CNI / KubeVirt support windowsKube-OVN and KubeVirt are each certified against a range of Kubernetes versions. Before targeting a brand-new minor, confirm your installed Kube-OVN and KubeVirt versions support it. Don't outrun your data-plane.
Single control-planeIf the cluster has one server node, its RKE2 restart is a brief (~1–2 min) full API-server outage per pass. Plan for it.

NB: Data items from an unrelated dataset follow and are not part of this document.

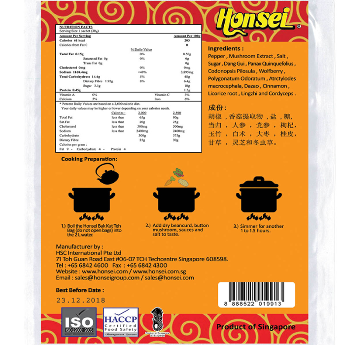 1) Boil the Honsei Bak Kut Teh Bag (do not open the bag) into 2 litter water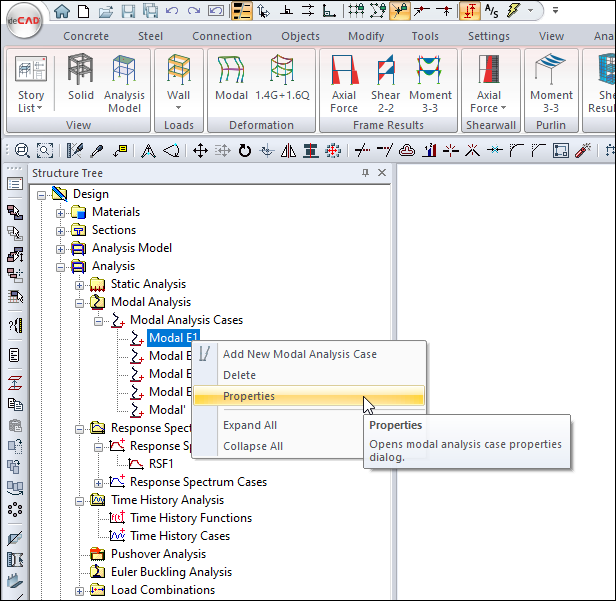 Increment the "target number of modal numbers" that can be entered in Modal E1,E2,E3,E4 and if any, Modal BE1, BE2, BE3, B4, Modal' and Modal B' installations listed under Analysis/Modal Analysis/Modal analysis from the structure tree and repeat the analysis.
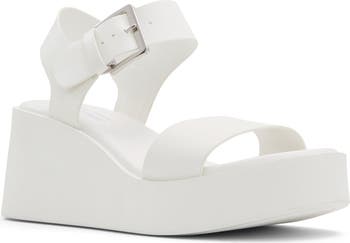 A chunky platform brings leg-lengthening height to this sleek, minimalist slide sandal secured with a gleaming ankle buckle.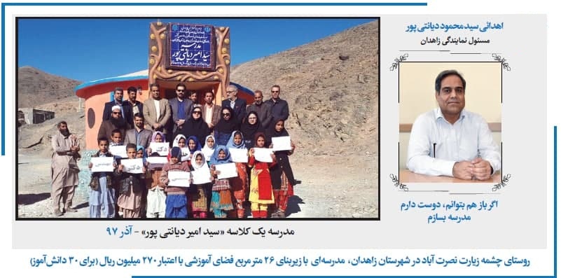 همچنین مدرسه یک کلاسه «سید امیر دیانتی پور» در روستای چشمه زیارت نصرت آباد شهرستان زاهدان با مساحت ۲۶ مترمربع زیربنای فضای آموزشی و ظرفیت ۳۰ دانش آموز با تامین اعتباری بالغ بر ۲۷۰ میلیون ریال توسط سید محمود دیانتی پور مسئول نمایندگی بنیاد قلم چی زاهدان احداث شد.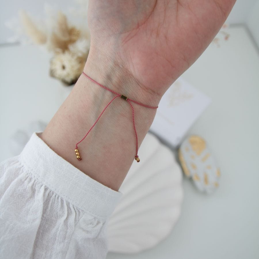 Zakończona jest stoperem, którym można dopasować długość nici do nadgarstka. Stoper ułatwia zdjęcie i założenie bransoletki na rękę.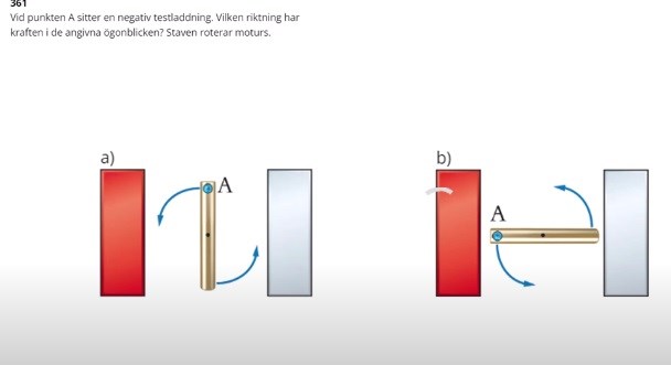 I ögonblicksbilden, i bild A rör sig den negativa laddningen åt vänster. Vad är då strömmens riktning?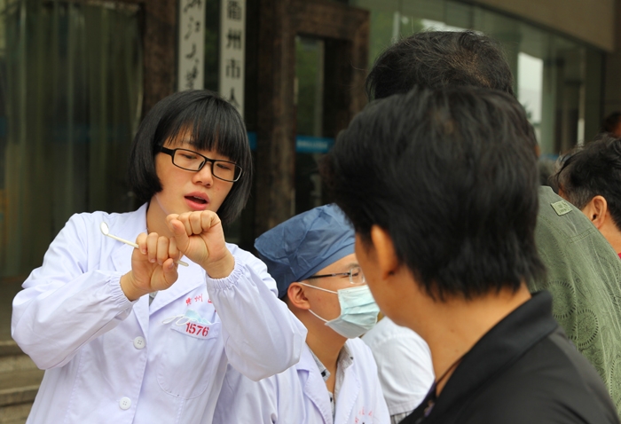 ??? 義診活動吸引了很多市民駐足咨詢,口腔科的醫(yī)護(hù)人員認(rèn)真解答并宣傳齲病、牙周病的防治和義齒修復(fù)等口腔衛(wèi)生保健知識;示范正確刷牙方法,詳細(xì)講解潔治術(shù)、活動義齒的佩戴和清洗等相關(guān)知識。市民陳大爺表示:“這個(gè)活動好,以前不懂,不知道牙也有這么多毛病。現(xiàn)在知道了,以后要好好保護(hù)!”
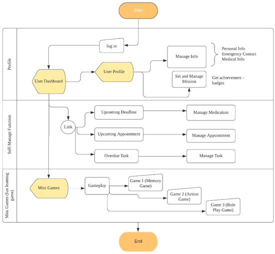 Based on the illustrated functions in Figure 3, the gamified application has three main sections: the user profile, self-management functions, and mini games. Users can manage their basic information via their user profile and add an emergency contact number and medical information (health condition) (refer to Figure 4). Self-management functions are presented through the dashboard (refer to Figure 5a). Users must manage their medication, appointments, and tasks related to their condition (refer to Figure 5b–d). Following the user design phase, three mini games will be installed, consisting of a memory game, an action game, and a role-playing game. The memory game involves memorizing matching pictures about food intake, the essential tools for diabetes, and healthy activity (refer to Figure 6a). Meanwhile, in the action game, users play an adventure activity in a given environment in which they have to collect essential items for a person with diabetes (refer to Figure 6b). For the role-playing game, a rogue-like game will be installed.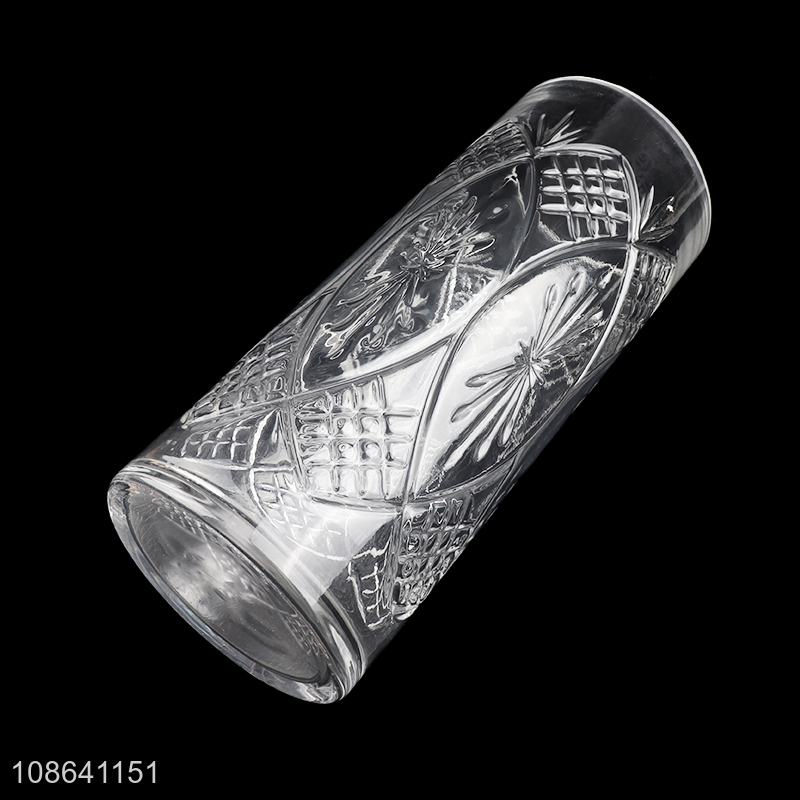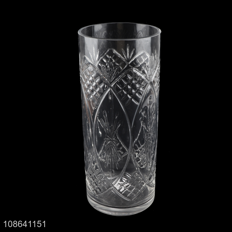 Factory supply vertical embossed glass flower vases home decoration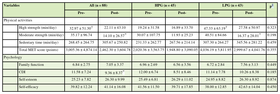 29]. Notably, the LPG exhibited a significant decrease in the duration of moderate-intensity exercise. This decline may be attributed to the lack of interest in physical activities at home among children and adolescents utilizing community childcare centers [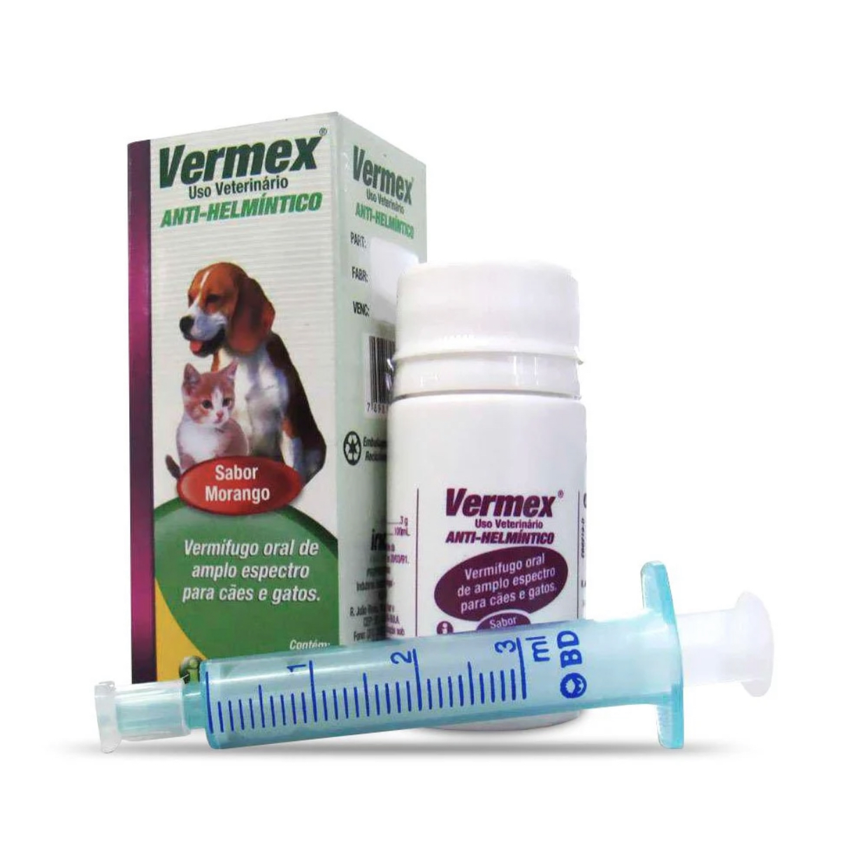 O Vermex é um vermífugo oral de amplo espectro, indicado para cães e gatos no combate a vermes nematódeos, como Ancylostoma caninum, Toxocara canis e Toxascaris leonina. É recomendado para animais a partir de 15 dias de vida, em dose única, repetindo uma vez ao mês até o sexto mês de vida. O produto não requer jejum prévio e pode ser administrado junto com uma porção de alimento.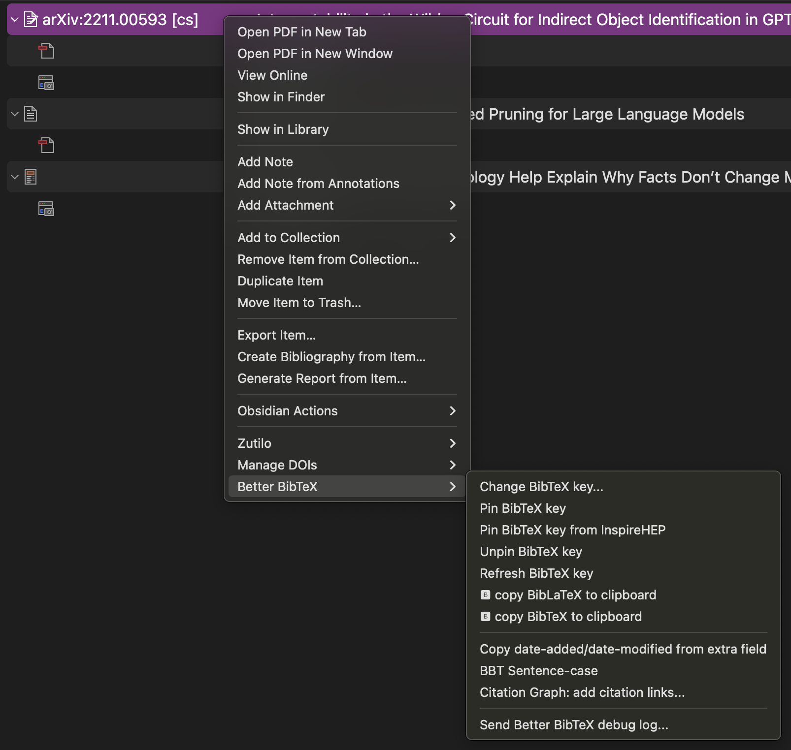 接著,對想引用的文獻 右鍵 -> Better BibTeX -> copy BibTeX to clipboard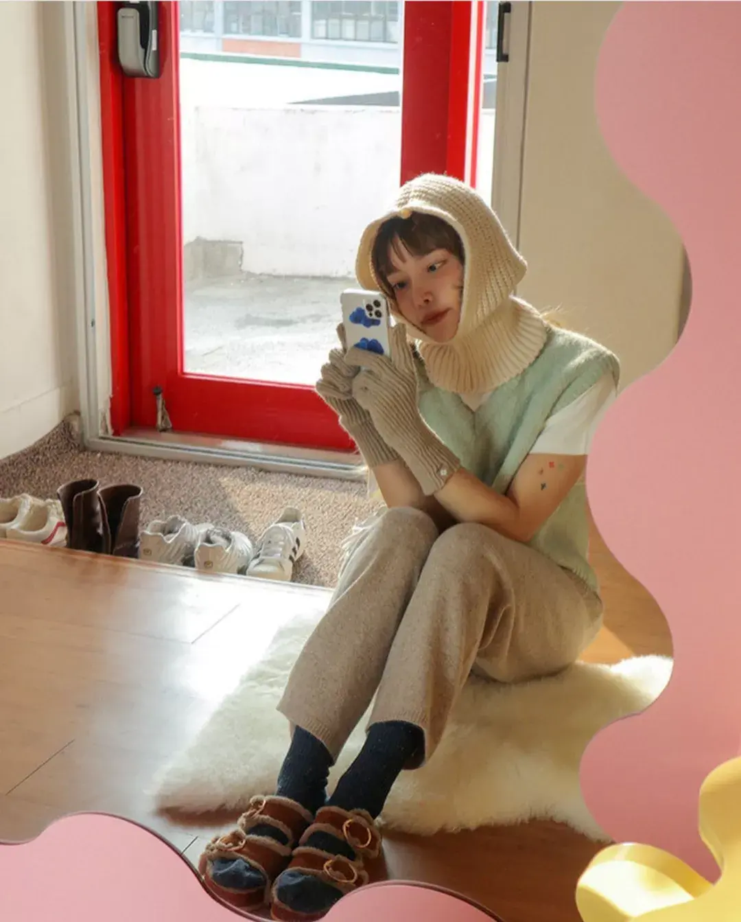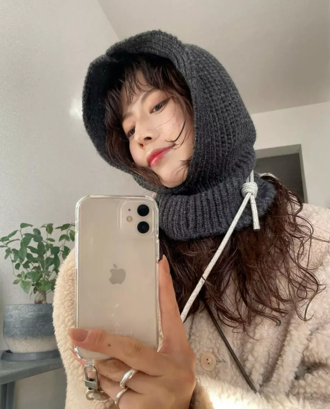 像针织帽,只要保证厚度,就不用担心显脸大。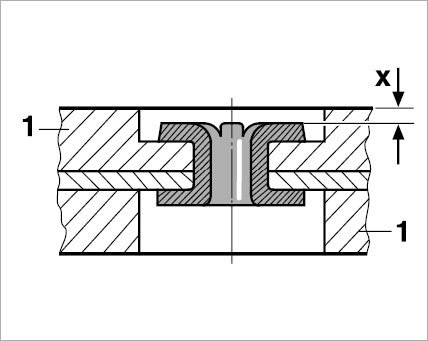Pad thickness measurement must only be done on the flanged side of the rivet head.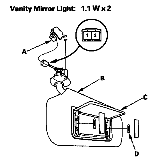 4. If the continuity is not as specified, check the bulbs (D). If the bulbs are OK, replace the vanity mirror light.

Picking a target. Use the RKE2 stable channel, not latest (which is bleeding edge). Check current versions at update.rke2.io/v1-release/channels.

Pre-flight checklist

Run these before starting — they prevent the most common mid-upgrade stalls:

  • Node disk headroom. Each upgrade pulls the new RKE2 release (~1–2 GiB) onto every node. Ensure each node has comfortable free space; a node near its disk limit can trip DiskPressure, which evicts pods and blocks the upgrade job from scheduling. Storage-dense nodes (large local-path PVCs) are the usual offenders.
  • max-pods consistency. A node that is at its max-pods cap cannot schedule the SUC upgrade pod (FailedScheduling … Too many pods). Confirm every node has the same, adequate max-pods (Kube-DC's bootstrap sets it by memory tier; nodes installed by older tooling may be on the default 110).
  • Eviction thresholds. Never set a disk-eviction threshold tighter than a node's current free space — on a legitimately-full node it triggers DiskPressure immediately. Match RKE2's default (nodefs.available<5%) or looser on storage-dense nodes.
  • OpenBao re-seal. OpenBao seals on every pod restart. If a node hosting the OpenBao pod is upgraded (or the pod reschedules), OpenBao will need to be unsealed again. Have your unseal procedure ready.
  • Quiesce / snapshot. Take an etcd snapshot and note current component health so you have a clean baseline to compare against.

Procedure

1. Install the controller (once per cluster)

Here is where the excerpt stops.